▶ **WHAT YOU ARE ASKED TO DO**:
From the data that follows, set down exactly the lines from the one with "Esta caja artesanal, tallada" through the one with "自宅で勉強ができるよう教育省", counting both. Pictures stay out.

▶ **DATASET CONTENT**:
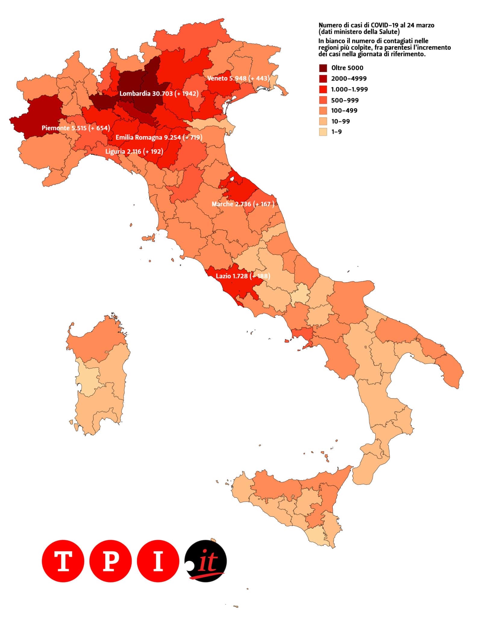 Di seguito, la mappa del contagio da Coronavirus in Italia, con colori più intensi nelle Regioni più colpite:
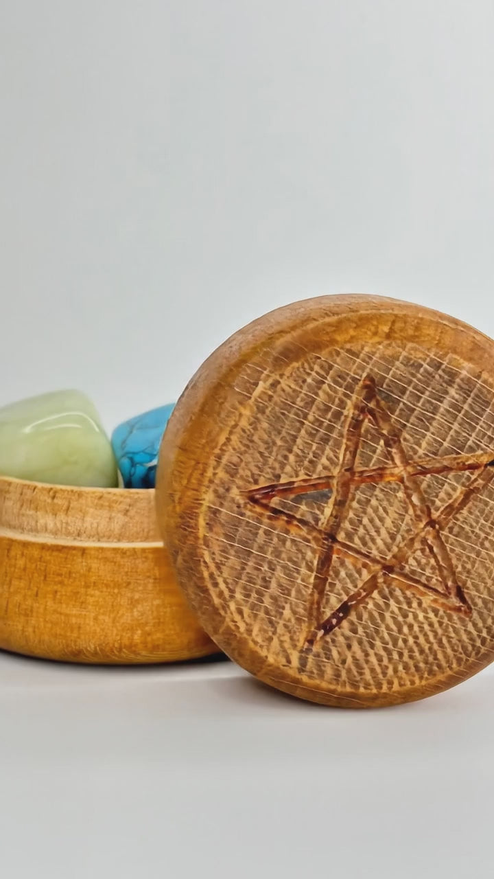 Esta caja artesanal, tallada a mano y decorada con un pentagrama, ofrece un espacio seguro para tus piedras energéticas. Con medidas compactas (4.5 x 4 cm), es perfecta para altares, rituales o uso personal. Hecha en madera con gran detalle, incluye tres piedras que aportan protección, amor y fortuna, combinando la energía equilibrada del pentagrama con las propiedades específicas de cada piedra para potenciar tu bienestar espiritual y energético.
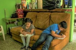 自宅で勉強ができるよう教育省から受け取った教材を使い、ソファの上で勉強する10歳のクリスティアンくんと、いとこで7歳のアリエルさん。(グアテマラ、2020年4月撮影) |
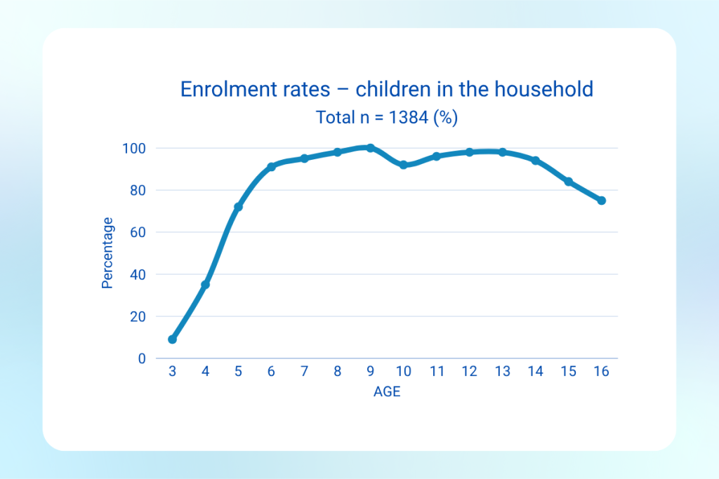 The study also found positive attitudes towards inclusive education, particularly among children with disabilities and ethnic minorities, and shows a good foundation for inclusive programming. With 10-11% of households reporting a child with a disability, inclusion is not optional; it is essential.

--

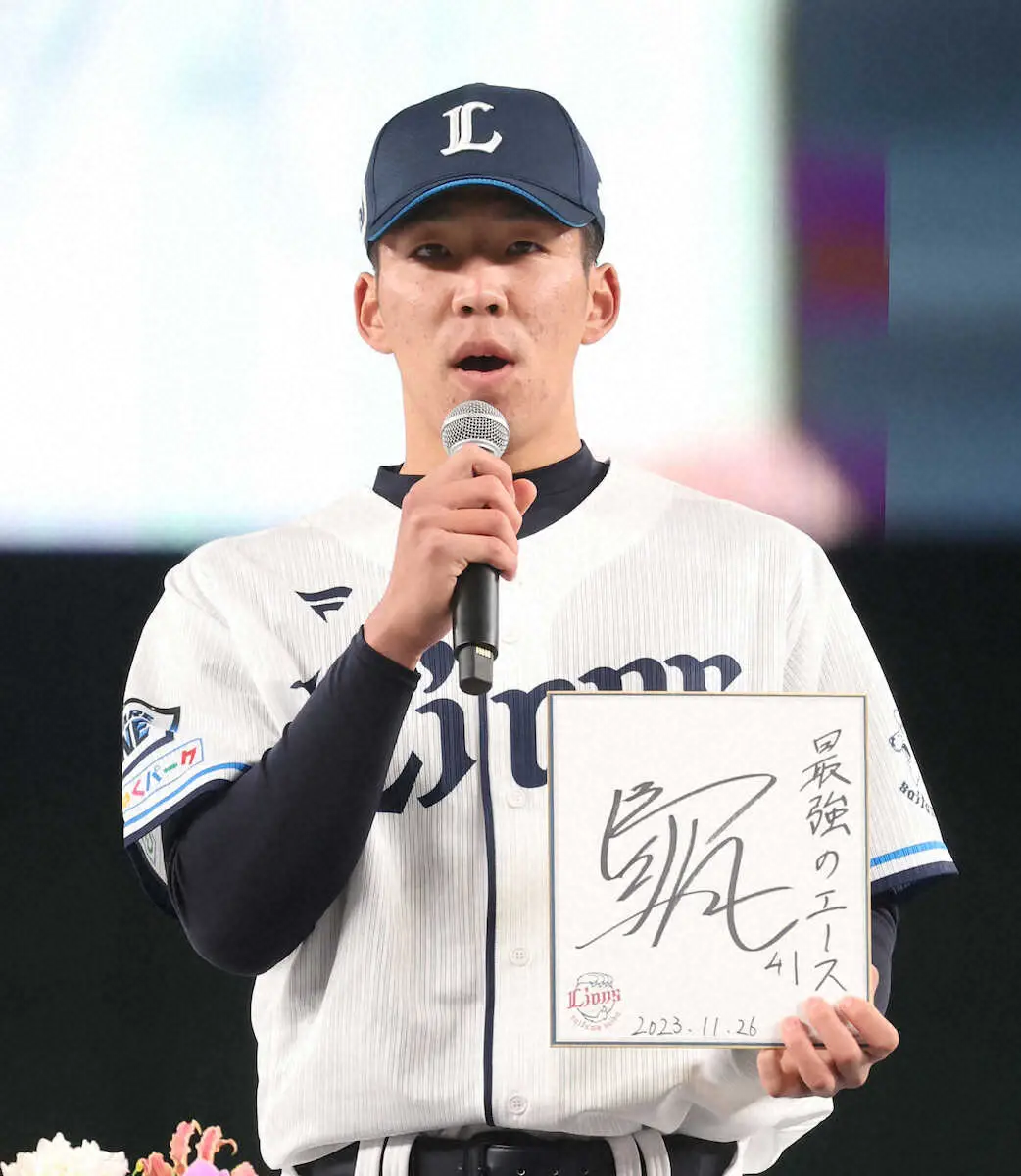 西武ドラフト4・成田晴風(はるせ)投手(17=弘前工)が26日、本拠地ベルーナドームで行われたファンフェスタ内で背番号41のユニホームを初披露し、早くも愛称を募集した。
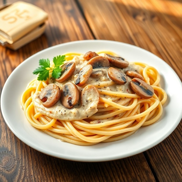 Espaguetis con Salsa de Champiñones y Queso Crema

▶ **EXERCISE ANSWER**:
 Esta caja artesanal, tallada a mano y decorada con un pentagrama, ofrece un espacio seguro para tus piedras energéticas. Con medidas compactas (4.5 x 4 cm), es perfecta para altares, rituales o uso personal. Hecha en madera con gran detalle, incluye tres piedras que aportan protección, amor y fortuna, combinando la energía equilibrada del pentagrama con las propiedades específicas de cada piedra para potenciar tu bienestar espiritual y energético.
 自宅で勉強ができるよう教育省から受け取った教材を使い、ソファの上で勉強する10歳のクリスティアンくんと、いとこで7歳のアリエルさん。(グアテマラ、2020年4月撮影) |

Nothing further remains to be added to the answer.